For quick evaluation of your agent on different scenarios, you can use the command-line interface:

```bash
cd src
python3 evaluate_submission.py agents/agent_naive.py --initial_windfield training_1 --seeds 1 --num-seeds 100 --verbose
```

### Command Options

- `agents/agent_naive.py`: Path to your agent implementation file
- `--initial_windfield NAME`: Specific initial windfield to evaluate on (e.g., `training_1`, `training_2`, `training_3`)
- `--seeds N`: Starting seed number (default: 1)
- `--num-seeds N`: Number of consecutive seeds to evaluate on (default: 1)
- `--output FILE`: Save results to a JSON file (e.g., `--output results.json`)
- `--verbose`: Show detailed evaluation results (default: simplified output)

### Evaluating on Multiple Initial Windfields

To evaluate on all training initial windfields:

```bash
cd src
python3 evaluate_submission.py agents/agent_naive.py --seeds 1 --num-seeds 100
```

This will run your agent on all available training windfields and compute the average performance.
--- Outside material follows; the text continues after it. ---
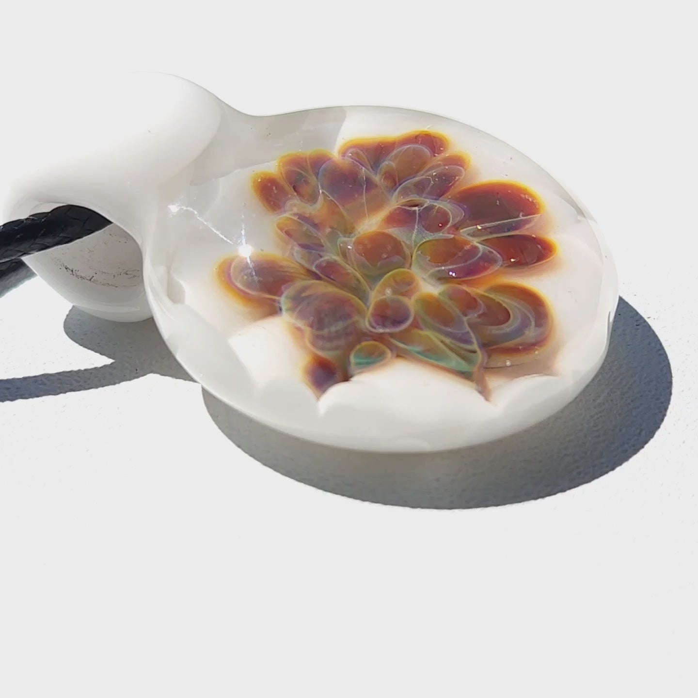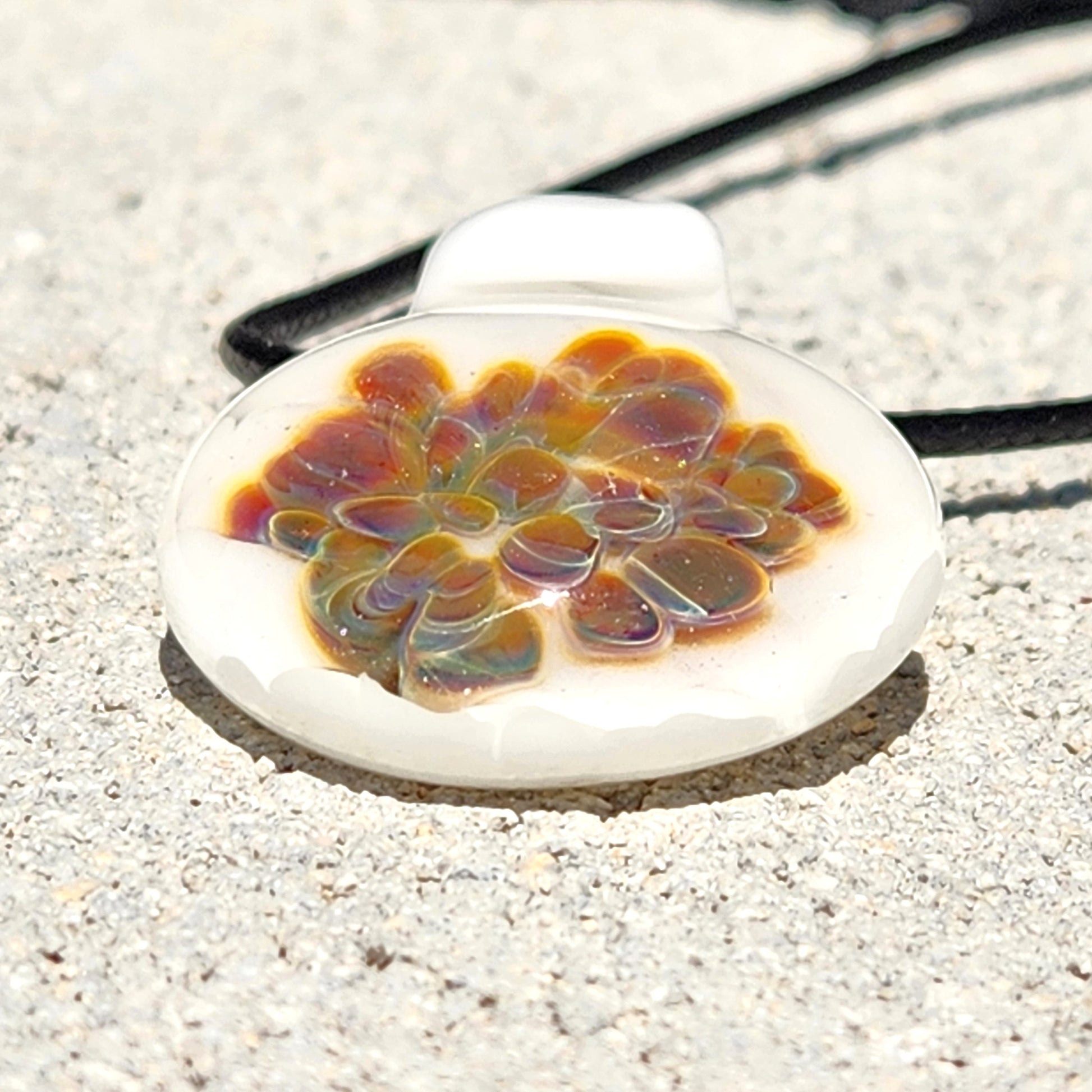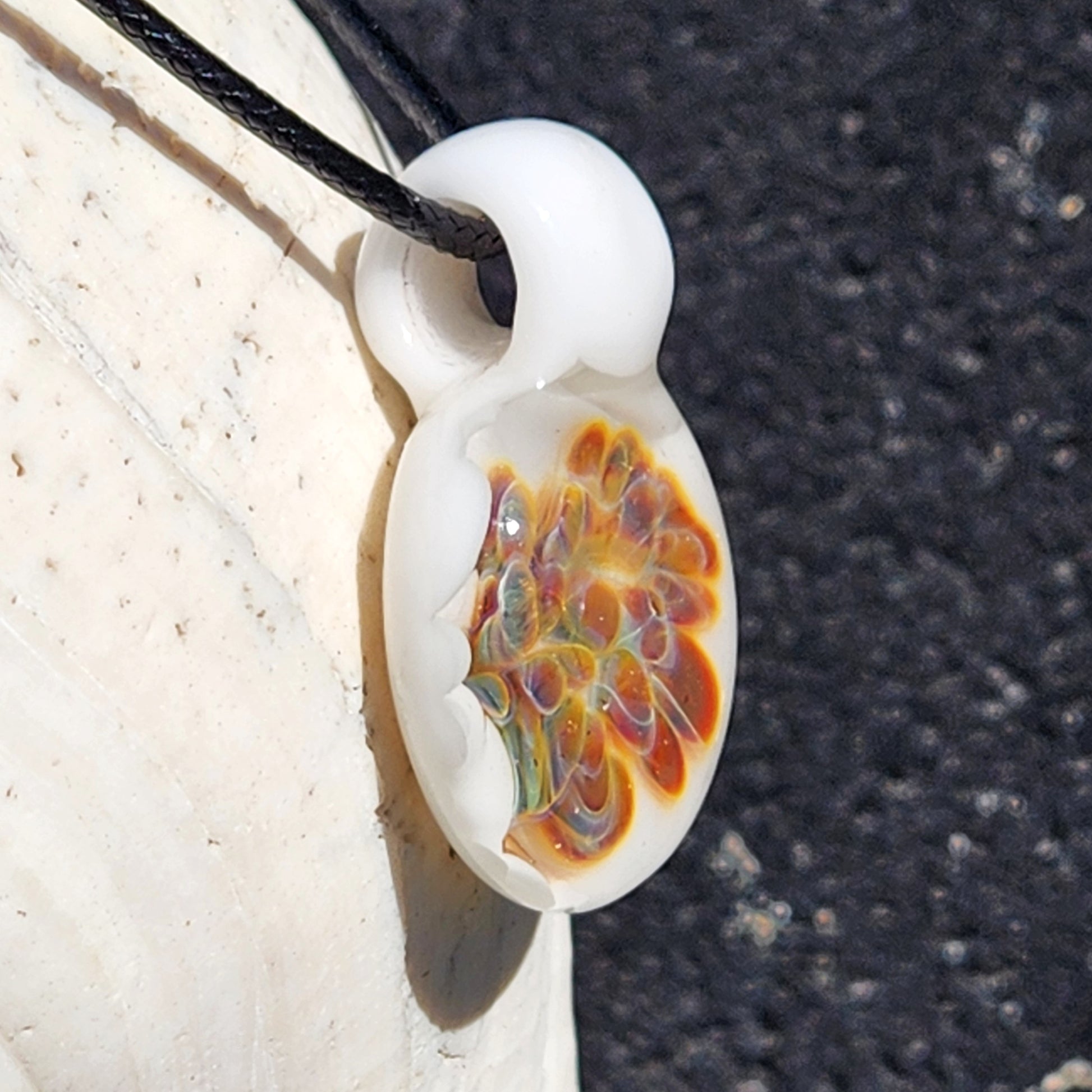 This handmade glass pendant features a glowing design in warm honey and golden-red tones, beautifully contrasted against a crisp white background. Crafted with care in the flame, each pendant is a one-of-a-kind piece of blown glass jewelry that carries a unique warmth and character.
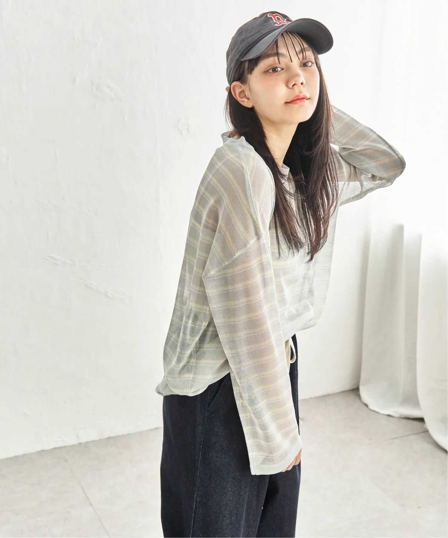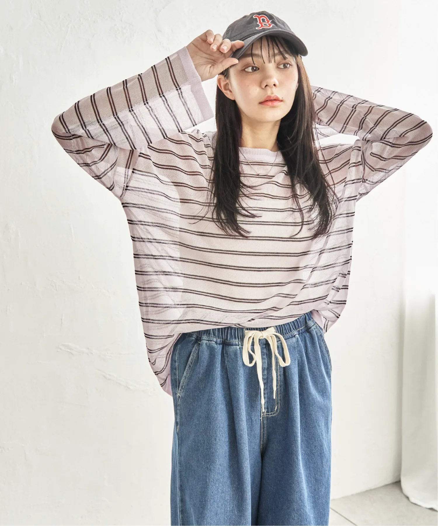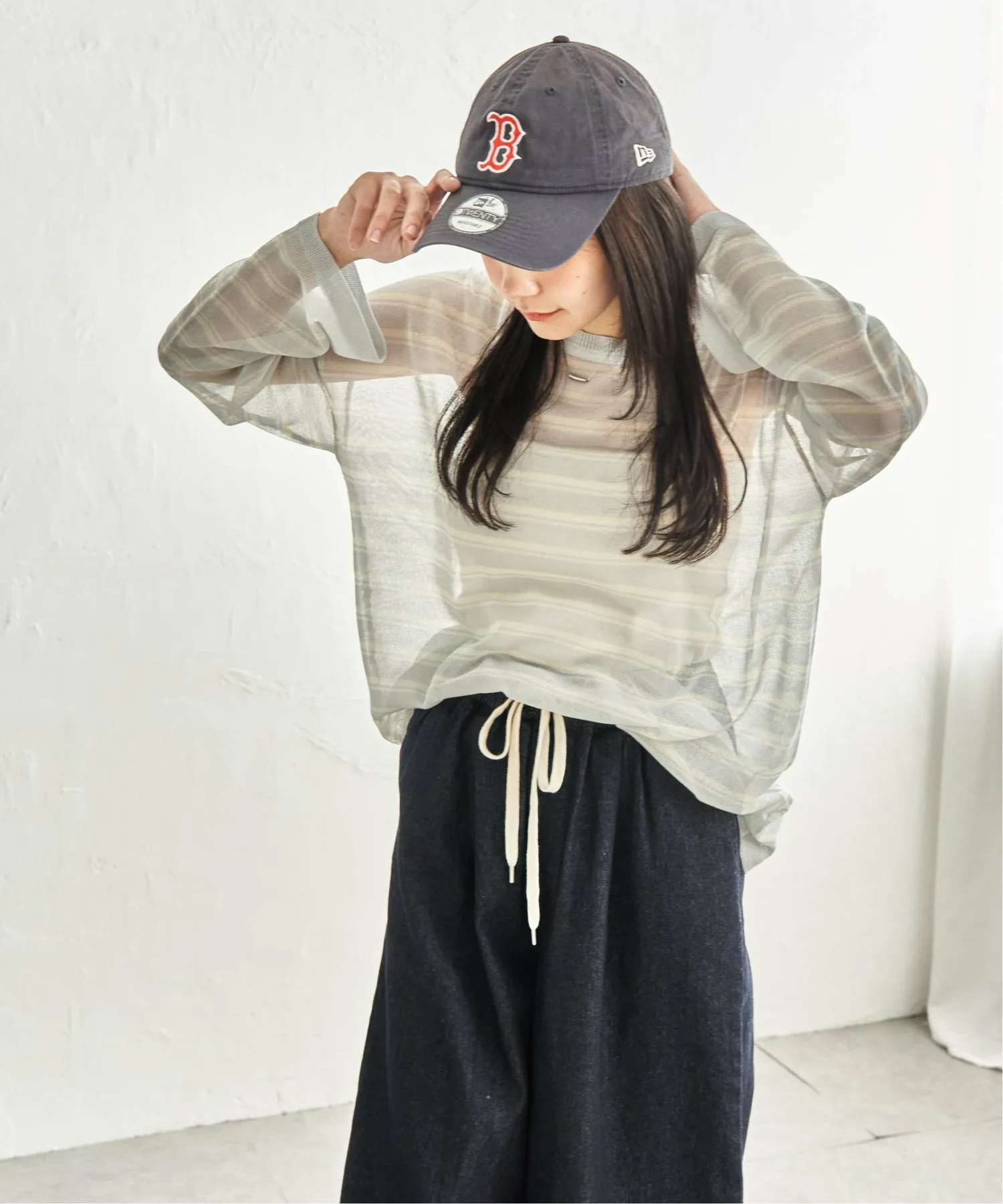 - Повседневный полосатый узор, выраженный прозрачным материалом.

### Sample Output (Simplified)

```bash
Validating agent: agents/agent_naive.py
✅ Successfully loaded agent: NaiveAgent
Evaluating on 3 scenarios with 100 seeds each
SCENARIO | SUCCESS RATE | MEAN REWARD | MEAN STEPS
training_1 | Success: 98.00% | Reward: 61.43 ± 3.85 | Steps: 49.2 ± 6.2
training_2 | Success: 94.00% | Reward: 58.21 ± 4.12 | Steps: 53.8 ± 7.5
training_3 | Success: 96.00% | Reward: 59.87 ± 3.96 | Steps: 51.4 ± 6.8
======================================================================
OVERALL | 96.00% ± 2.00% | 59.84 ± 3.98 | 51.5 ± 6.8
======================================================================
```


For more detailed output, add the `--verbose` flag to see seed-by-seed results.

## Conclusion

This notebook provides a standardized way to evaluate agents for the Sailing Challenge. You've now:

1. Validated your agent's implementation to ensure it meets the interface requirements
2. Evaluated your agent on one or more initial windfields to measure its performance
3. Viewed a summary of your agent's results across multiple initial windfields
4. Optionally visualized your agent's behavior in a specific initial windfields

### Next Steps

- **Fine-tune your agent**: Use the performance metrics to identify areas for improvement
- **Test across all initial windfields**: Ensure your agent can handle different wind patterns
- **Optimize for efficiency**: Aim to reach the goal in fewer steps
- **Consider advanced strategies**: Experiment with algorithms that better account for wind physics

Remember that your final agent will be evaluated on both the training initial windfields and hidden test initial windfields, so your agent should be robust and adaptable.

Good luck with your agent submission!